On Wed, Oct 29, 2003 at 12:00:25PM -0500, Bijan Soleymani wrote:
| On Wed, Oct 29, 2003 at 10:38:45AM -0500, ScruLoose wrote:

| > Shouldn't you be hitting the L key in mutt, for 'reply-to-list' instead
| > of g for 'reply-to-all'...

Yes, he should.

| To use L I have to define the mailing lists I am subscribed to,

Yes.

| this causes mutt to do weird things (I don't remember exactly what,
| but it might have shown debian-user as the sender of all messages
| from debian-user, instead of the actual senders).

Yes, that is the default behavior.  It is useful only if you don't
have the messages sorted to their own folder.  In that scenario you
can see what list you received the message from.  If you do have the
messages sorted out (as you should, IMO :-)) then it is useless.

The solution is to change index_format to display the way you want it
to, not the default way.  The default (given in muttrc(5)) is
    set index_format="%4C %Z %{%b %d} %-15.15L (%4l) %s"
I prefer the following instead :
    set index_format="%3C %Z %{%b%d} %-15.15F (%4c) %s"
    #                                       ^    ^
The differences are noted in the comment below it.  It shows the
sender address always, rather than the list address when sent to a
list and shows the size in (kilo)bytes instead of lines.

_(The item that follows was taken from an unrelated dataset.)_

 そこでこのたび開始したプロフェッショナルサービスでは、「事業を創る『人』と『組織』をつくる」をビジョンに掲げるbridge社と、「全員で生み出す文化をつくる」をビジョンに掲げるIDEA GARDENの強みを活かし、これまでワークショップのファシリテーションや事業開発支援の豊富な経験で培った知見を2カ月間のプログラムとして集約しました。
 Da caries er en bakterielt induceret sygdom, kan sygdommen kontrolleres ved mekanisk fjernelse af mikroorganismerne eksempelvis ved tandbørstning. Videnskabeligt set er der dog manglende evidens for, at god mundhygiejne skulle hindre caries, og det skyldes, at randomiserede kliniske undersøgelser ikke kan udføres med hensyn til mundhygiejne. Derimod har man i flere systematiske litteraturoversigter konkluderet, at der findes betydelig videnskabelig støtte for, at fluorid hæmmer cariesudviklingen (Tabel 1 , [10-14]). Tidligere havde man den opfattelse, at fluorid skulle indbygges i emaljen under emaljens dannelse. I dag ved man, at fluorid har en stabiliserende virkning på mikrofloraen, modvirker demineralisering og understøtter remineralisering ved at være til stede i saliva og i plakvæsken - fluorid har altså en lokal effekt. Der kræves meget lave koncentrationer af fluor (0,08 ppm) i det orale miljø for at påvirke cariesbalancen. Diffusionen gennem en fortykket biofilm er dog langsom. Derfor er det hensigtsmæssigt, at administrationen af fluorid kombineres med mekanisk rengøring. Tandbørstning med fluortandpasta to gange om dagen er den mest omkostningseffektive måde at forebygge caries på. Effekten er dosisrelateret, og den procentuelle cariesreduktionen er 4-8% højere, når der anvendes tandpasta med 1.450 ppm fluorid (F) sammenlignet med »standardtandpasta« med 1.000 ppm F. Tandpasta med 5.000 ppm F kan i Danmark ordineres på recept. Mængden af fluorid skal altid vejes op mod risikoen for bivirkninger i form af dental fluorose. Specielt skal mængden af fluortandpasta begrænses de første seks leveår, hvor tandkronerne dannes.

For mailing list folders I use the format below
    folder-hook lists.* 'set index_format="%3C %Z %[%b%d] %-17.17n(%?M?#%3E&%4c?) %s"'
it gives a more optimal spaceing for the data, and shows the number of
threads in a collapsed thread in place of the size of the first
message.

All the details are in muttrc(5).  Adjust to suit.

-D

-- 
The nice thing about windoze is - it does not just crash,
it displays a dialog box and lets you press 'ok' first.